Provincial / State sides
- Years: Team / Apps / (Points)
- 2012: Auckland Sevens /  / (0)
- 2016: Auckland / 5 / (15)
- 2020–2021: Northland / 7 / (25)

Super Rugby
- Years: Team / Apps / (Points)
- 2022: Blues Women / 2 / (0)

International career
- Years: Team / Apps / (Points)
- 2010–: NZ Women's Touch team
- 2011: NZ U19 Women's Touch Team
- 2022: New Zealand / 1 / (0)

National sevens teams
- Years: Team /  / Comps
- 2012–2024: New Zealand /  / 195
- 2012: Maori Women's Sevens
- Rugby league career

Playing information
- Position: Five-eighth
Club
| Years | Team | Pld | T | G | FG | P |
| 2023–24 | St. George Illawarra Dragons | 11 | 3 | 4 | 0 | 20 |
| 2025– | Cronulla Sharks | 8 | 0 | 0 | 0 | 0 |
|  | Total | 19 | 3 | 4 | 0 | 20 |
Representative
| Years | Team | Pld | T | G | FG | P |
| 2024–25 | New Zealand | 7 | 0 | 4 | 0 | 8 |
- As of 9 November 2025
- Medal record
Women's rugby sevens
Representing New Zealand
Olympic Games
| Gold medal – first place | 2024 Paris | Team competition |
| Gold medal – first place | 2020 Tokyo | Team competition |
| Silver medal – second place | 2016 Rio de Janeiro | Team competition |
Commonwealth Games
| Gold medal – first place | 2018 Gold Coast | Team competition |
| Bronze medal – third place | 2022 Birmingham | Team competition |
Rugby World Cup Sevens
| Gold medal – first place | 2018 San Francisco | Team competition |
| Gold medal – first place | 2013 Moscow | Team competition |

= Tyla King =

New Zealand international rugby union & league player

Tyla King (born 1 July 1994) is a New Zealand international rugby union player, professional rugby league player and Olympian.

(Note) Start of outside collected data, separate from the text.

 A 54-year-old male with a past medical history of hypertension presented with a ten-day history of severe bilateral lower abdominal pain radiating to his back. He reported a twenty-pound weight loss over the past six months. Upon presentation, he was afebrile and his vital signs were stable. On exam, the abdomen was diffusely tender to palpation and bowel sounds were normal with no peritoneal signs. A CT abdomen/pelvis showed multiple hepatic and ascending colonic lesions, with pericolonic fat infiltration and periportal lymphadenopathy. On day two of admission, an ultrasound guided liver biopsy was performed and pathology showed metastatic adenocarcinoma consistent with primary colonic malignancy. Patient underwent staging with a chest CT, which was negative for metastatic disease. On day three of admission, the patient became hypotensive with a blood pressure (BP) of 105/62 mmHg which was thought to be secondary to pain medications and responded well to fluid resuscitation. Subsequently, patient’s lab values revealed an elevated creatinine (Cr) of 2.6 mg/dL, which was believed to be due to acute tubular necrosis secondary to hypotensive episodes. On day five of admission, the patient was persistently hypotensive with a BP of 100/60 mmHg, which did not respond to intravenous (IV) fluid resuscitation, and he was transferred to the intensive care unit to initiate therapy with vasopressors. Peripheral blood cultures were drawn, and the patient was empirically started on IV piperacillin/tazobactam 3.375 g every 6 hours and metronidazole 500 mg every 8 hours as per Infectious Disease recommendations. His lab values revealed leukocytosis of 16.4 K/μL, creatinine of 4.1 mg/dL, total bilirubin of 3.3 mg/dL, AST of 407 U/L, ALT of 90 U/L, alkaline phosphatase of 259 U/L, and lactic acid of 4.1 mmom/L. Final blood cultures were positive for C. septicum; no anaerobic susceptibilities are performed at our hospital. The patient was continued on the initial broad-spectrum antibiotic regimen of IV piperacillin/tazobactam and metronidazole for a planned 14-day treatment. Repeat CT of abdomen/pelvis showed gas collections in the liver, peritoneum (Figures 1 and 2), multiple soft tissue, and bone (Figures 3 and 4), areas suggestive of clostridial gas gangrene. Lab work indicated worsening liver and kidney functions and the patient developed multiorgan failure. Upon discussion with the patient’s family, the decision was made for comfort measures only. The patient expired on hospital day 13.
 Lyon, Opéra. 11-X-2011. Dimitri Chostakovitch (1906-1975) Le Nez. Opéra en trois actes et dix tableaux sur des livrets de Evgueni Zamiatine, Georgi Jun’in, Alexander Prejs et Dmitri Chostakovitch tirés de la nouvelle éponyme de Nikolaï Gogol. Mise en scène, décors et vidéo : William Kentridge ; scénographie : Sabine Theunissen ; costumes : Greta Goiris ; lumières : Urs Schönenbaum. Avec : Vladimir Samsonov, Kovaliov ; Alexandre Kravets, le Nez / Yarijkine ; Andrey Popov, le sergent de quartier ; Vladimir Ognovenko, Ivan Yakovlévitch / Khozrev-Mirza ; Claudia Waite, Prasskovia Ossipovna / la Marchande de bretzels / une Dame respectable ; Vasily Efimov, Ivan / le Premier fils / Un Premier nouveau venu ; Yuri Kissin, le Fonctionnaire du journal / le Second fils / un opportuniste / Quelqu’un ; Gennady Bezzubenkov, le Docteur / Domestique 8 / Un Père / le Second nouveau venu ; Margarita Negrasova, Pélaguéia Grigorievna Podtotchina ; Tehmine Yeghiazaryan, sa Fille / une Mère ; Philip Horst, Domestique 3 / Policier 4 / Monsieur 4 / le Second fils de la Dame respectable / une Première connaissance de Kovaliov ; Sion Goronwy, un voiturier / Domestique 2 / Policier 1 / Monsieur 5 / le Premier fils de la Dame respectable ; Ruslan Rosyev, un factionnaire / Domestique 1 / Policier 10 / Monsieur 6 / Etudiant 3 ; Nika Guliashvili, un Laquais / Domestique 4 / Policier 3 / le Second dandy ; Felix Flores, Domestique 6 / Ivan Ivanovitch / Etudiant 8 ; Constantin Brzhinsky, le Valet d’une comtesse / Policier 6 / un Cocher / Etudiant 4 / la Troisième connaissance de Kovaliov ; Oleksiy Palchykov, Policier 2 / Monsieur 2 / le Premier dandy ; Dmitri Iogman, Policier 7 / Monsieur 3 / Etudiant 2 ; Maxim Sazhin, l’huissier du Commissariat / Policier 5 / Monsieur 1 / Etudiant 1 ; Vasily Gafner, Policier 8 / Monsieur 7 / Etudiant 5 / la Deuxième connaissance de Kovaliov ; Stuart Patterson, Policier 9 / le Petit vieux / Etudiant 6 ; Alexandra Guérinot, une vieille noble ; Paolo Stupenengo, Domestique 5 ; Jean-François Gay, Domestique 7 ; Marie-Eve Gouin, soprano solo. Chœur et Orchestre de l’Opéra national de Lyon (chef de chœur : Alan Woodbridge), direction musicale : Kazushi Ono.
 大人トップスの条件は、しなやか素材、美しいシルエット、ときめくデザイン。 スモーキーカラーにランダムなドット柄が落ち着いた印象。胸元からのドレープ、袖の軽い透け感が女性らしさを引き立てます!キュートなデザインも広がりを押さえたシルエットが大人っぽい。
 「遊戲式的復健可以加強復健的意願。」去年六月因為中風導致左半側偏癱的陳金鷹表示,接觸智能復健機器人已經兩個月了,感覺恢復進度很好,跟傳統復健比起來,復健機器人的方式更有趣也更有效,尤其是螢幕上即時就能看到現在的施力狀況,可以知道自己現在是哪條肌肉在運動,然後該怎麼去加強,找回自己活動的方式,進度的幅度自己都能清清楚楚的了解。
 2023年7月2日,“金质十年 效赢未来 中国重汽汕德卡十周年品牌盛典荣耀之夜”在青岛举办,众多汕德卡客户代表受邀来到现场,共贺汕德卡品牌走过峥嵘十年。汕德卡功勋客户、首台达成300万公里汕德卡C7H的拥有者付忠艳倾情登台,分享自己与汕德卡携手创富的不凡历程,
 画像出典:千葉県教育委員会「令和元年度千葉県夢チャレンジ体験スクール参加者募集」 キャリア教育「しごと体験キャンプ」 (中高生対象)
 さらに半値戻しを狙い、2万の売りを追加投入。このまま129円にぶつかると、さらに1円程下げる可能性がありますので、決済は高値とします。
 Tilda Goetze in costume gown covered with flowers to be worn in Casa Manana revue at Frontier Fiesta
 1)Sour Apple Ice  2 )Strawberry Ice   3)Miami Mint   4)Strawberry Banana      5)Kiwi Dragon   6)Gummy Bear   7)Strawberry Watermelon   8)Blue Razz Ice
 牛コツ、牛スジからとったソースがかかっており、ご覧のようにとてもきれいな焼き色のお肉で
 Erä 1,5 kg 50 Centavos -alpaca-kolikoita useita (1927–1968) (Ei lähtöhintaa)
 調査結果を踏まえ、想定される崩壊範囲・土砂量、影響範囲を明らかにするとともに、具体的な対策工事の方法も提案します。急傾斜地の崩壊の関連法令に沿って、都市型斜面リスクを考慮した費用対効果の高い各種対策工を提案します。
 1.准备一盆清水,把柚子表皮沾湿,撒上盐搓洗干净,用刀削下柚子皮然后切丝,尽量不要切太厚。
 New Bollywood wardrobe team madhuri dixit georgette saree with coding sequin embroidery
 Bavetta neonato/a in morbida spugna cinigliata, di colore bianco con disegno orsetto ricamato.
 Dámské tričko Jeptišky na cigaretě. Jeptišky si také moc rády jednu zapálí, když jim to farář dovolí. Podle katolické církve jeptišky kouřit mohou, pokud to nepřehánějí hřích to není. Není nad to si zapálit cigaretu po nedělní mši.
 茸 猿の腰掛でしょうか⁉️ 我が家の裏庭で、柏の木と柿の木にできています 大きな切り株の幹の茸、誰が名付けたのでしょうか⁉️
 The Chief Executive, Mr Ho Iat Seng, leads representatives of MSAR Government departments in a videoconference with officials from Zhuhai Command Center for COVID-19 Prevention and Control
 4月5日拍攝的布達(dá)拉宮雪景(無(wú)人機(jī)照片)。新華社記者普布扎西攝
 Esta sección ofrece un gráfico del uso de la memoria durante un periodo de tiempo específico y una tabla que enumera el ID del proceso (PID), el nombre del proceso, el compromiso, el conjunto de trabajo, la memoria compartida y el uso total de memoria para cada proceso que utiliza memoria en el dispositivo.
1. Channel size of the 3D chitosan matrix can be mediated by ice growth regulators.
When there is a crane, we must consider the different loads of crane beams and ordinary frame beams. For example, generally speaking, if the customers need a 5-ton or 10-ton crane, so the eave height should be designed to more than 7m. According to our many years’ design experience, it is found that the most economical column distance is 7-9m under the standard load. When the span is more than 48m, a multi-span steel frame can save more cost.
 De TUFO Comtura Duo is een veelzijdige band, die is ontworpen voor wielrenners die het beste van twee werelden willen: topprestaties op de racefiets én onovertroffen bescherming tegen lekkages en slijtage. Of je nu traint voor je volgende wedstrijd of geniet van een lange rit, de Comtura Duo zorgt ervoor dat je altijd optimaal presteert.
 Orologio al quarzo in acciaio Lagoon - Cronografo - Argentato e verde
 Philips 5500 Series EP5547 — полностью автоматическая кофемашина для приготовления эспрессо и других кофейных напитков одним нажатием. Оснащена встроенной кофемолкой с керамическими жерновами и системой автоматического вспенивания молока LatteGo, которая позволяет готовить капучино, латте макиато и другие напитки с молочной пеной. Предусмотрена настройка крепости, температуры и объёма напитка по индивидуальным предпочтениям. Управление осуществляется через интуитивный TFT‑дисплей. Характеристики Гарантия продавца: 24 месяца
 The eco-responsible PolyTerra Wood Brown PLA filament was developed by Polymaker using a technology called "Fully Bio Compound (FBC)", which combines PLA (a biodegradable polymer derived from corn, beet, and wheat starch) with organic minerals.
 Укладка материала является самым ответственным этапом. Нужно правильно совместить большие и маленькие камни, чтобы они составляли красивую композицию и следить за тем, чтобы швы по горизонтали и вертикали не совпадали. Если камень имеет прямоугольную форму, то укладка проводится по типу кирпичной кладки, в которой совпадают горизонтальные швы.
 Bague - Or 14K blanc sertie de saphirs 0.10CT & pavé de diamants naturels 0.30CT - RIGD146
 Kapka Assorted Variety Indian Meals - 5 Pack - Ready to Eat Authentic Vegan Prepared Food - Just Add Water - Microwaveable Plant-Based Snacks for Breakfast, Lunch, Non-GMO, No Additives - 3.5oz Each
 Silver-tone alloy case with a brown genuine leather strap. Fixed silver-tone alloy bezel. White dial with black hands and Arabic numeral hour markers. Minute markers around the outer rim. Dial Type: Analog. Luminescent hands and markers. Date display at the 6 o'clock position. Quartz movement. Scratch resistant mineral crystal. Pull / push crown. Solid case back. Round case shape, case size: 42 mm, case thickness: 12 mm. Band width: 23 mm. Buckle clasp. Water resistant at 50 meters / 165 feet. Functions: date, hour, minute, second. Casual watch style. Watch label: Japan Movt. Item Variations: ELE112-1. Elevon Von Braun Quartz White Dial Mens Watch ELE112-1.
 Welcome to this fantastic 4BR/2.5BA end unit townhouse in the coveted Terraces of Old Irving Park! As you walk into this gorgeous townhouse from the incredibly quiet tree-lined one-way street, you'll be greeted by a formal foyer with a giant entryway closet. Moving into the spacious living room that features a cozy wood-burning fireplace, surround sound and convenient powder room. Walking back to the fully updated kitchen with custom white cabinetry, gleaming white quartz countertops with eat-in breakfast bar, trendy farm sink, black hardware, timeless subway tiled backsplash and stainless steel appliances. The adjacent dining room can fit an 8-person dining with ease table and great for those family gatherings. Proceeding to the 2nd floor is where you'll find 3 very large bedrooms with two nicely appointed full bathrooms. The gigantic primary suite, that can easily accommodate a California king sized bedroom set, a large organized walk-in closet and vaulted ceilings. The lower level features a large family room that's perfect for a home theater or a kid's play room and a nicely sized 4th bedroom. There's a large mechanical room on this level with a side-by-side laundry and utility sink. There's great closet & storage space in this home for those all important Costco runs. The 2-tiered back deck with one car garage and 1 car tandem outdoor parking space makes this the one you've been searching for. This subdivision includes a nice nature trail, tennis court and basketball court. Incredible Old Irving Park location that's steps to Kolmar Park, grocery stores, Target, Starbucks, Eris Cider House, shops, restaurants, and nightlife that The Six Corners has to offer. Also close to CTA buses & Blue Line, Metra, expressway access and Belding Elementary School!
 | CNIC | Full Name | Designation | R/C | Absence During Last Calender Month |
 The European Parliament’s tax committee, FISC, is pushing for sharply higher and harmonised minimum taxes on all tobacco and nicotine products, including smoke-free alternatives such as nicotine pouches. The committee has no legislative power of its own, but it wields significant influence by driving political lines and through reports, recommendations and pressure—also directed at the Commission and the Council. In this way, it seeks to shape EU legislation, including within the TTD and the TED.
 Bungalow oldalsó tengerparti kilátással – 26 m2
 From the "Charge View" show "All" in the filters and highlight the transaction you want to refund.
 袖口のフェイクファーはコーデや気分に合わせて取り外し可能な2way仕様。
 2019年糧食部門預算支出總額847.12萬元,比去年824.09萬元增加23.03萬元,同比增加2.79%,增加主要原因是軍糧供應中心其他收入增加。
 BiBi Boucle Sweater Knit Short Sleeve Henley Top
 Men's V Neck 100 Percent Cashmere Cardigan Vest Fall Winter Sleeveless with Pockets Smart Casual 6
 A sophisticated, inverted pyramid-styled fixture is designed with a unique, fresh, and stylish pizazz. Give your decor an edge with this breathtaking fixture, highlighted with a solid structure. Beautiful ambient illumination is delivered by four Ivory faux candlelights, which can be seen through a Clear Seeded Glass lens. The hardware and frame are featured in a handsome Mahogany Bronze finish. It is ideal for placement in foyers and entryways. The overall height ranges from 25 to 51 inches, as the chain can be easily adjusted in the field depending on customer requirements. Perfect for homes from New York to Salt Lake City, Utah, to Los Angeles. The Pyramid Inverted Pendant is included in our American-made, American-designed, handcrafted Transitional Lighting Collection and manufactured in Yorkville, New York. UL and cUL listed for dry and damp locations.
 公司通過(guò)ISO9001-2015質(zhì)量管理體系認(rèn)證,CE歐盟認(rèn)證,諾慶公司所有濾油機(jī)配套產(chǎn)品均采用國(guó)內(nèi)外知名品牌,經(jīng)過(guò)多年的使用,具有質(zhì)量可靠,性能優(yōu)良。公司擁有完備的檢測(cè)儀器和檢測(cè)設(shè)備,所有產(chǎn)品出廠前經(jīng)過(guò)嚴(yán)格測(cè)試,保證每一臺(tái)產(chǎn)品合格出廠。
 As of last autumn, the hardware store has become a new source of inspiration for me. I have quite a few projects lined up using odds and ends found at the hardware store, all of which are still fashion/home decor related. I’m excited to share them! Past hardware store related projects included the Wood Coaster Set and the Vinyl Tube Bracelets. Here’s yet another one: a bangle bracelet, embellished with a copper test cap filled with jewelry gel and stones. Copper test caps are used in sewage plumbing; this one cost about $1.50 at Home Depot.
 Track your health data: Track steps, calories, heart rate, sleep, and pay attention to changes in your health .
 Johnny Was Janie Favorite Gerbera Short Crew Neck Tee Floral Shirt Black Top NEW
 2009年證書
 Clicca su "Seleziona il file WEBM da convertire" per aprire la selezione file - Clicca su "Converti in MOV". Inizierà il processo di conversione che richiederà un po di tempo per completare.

She played touch rugby, tag rugby and both sevens and fifteen-a-side rugby union as a teenager before in 2012 at the age of 18 she made her debut as a professional rugby sevens player when she was selected for the New Zealand sevens team. During her time with the team, which she captained on a number of occasions, they won the World Rugby Women's Sevens Series in 2012–13, 2013–14, 2014–15, 2016–17, 2018–19, 2019–20, and 2022–23. With them she won a silver medal at the 2016 Summer Olympics in Rio de Janeiro and back-to-back gold medals at the 2020 Summer Olympics in Tokyo and the 2024 Summer Olympics in Paris.

In May 2023, she was released from her contract with New Zealand Rugby to play rugby league for the Australian club St. George Illawarra Dragons in the NRL Women's Premiership. This led to her being selected in October 2023 for the New Zealand women's national rugby league team for whom she has played three matches to date. She returned to the New Zealand women sevens rugby team in early 2024 before retiring from international sevens rugby after the Paris Olympics. She is currently the highest women points scorer in the history of the women sevens series.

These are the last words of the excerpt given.